К исходу седьмого месяца беременности Анфиса решила уходить в декретный отпуск. Ей не очень хотелось делать это, потому что все неприятные симптомы токсикоза давно исчезли, чувствовала она себя прекрасно, испытывала прилив сил и постоянно пребывала в отличном настроении, но родные в голос твердили, что пора, пора больше отдыхать и заботиться не только о пациентах, но и о себе и будущем ребенке. Анфиса решила прислушаться и посидеть до родов дома, так что в тот день она ехала в клинику передать своих больных новым врачам и устроить «отвальную» перед декретом.

В половине двенадцатого ее вызвали в отделение – случился припадок у ее больного, и Анфиса поспешила туда. До обеда все больные находились в общей просторной комнате, где занимались какими-то вполне обычными делами – читали, играли в настольные игры, разговаривали друг с другом. Это было отделение с «легкими» больными, тут не содержались пациенты в критическом состоянии, с обострениями или вновь поступившие. Большинство из них числились постоянными клиентами, которых персонал уже знает не только по именам, но и хорошо изучил характер, манеру поведения, моменты, которые запускают у больного негативные реакции.

Здесь все было устроено так же, как и во всей клинике – и двери, запиравшиеся снаружи на ключ, и окна без ручек-открывалок, зато с решетками, и длинный темноватый коридор с выкрашенными зеленой краской панелями. Это, кстати, всегда удивляло Анфису – ну, как можно находиться в помещении с такими стенами и реально не сойти с ума? Ей всегда хватало обхода, чтобы потом остаток дня чувствовать себя неуютно, а пациенты проводили здесь от тридцати дней и больше.

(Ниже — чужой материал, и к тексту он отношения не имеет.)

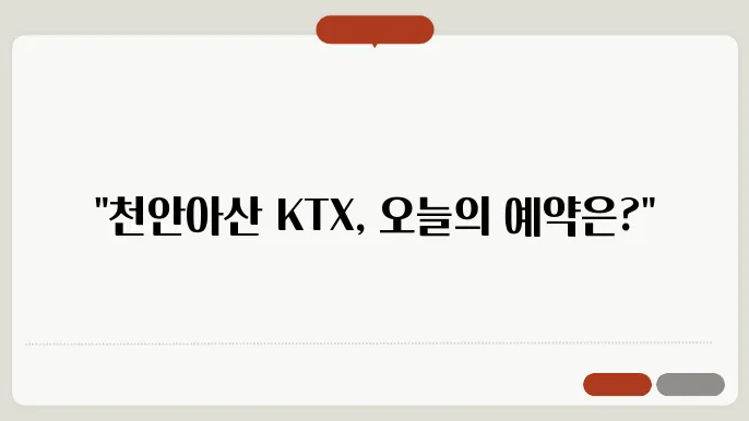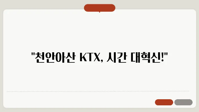| 천안 출발 KTX | 서울 방면 고속철도 | 최대 속도 300km/h | 평균 소요 시간: 약 33-50분 |
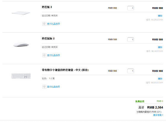 實際上,普通版的妙控鼠標2、妙控板2、妙控鍵盤三件套在國內售價加起來也不過2564元人民幣,在購買iMac Pro選購這幾個配件時價格也沒有比普通版貴多少。

– Анфиса Леонидовна, скорее! – Ей навстречу торопилась медсестра Настя. – Там Кадкин что-то…

Анфиса обратила внимание, что общая комната уже пуста – во время приступов у кого-то из больных всех остальных санитары тут же разводили по палатам и запирали, чтобы не включалась цепная реакция – чужой бред и агрессия запросто провоцировали такое и у кого-то еще.

Илья Кадкин, совсем еще молодой парень, забаррикадировался от санитаров в конце коридора, у балконной двери, тоже зарешеченной снаружи и запертой. Перед Ильей стояла невесть как оказавшаяся в его владении металлическая тележка с флаконами от растворов – тяжелыми бутылями на четыреста миллилитров, и Илья, перехватывая бутыли за горлышки, швырял их, как гранаты, в уворачивавшихся санитаров.

– Не возьмете! Живым не дамся! – Очередная бутыль летела в пытавшегося приблизиться санитара, и тому приходилось отскакивать назад.

– Как он каталку в коридор выкатил? Сказано же – держите в процедурном, запирайте дверь, – сказала Анфиса, шагая рядом с Настей в сторону балкона.

– Напарница новенькая у меня, он ее напугал и каталку выкатил, а ее саму в процедурке запер. У него ключ в кармане где-то, – с раздражением ответила Настя. – Ничего не понимаю – ну что, они не знают, куда работать идут? Здесь не санаторий! Зачем идти туда, где тебе уже заведомо страшно? Она ведь от каждого больного шарахается, я замучилась совсем, специально ее в процедурный сунула, думала – там меньше контакта, а вот поди ж ты… Наверное, Лешка отвернулся, он же сегодня должен был за процедуркой следить.

– Не отвернулся я! – громыхнуло сзади, и Анфиса поморщилась:

– Алексей, что вы кричите? – Повернувшись, она увидела, что санитар прижимает к лицу марлю. – Что это у вас?

– Зацепило, – буркнул санитар, убирая руку, и Анфиса заметила длинный глубокий порез на лбу. – Аж звездочки полетели, – пожаловался он. – А что Кадкина прошляпил… так меня позвали в третью палату, а Кадкин… ну, он же тихий, никогда никаких инцидентов… да и на выписку ведь шел, да, Анфиса Леонидовна?

– Да, через неделю должны были выписать… теперь даже не знаю… – огорченно сказала Анфиса, останавливаясь. – А что случилось, никто не знает?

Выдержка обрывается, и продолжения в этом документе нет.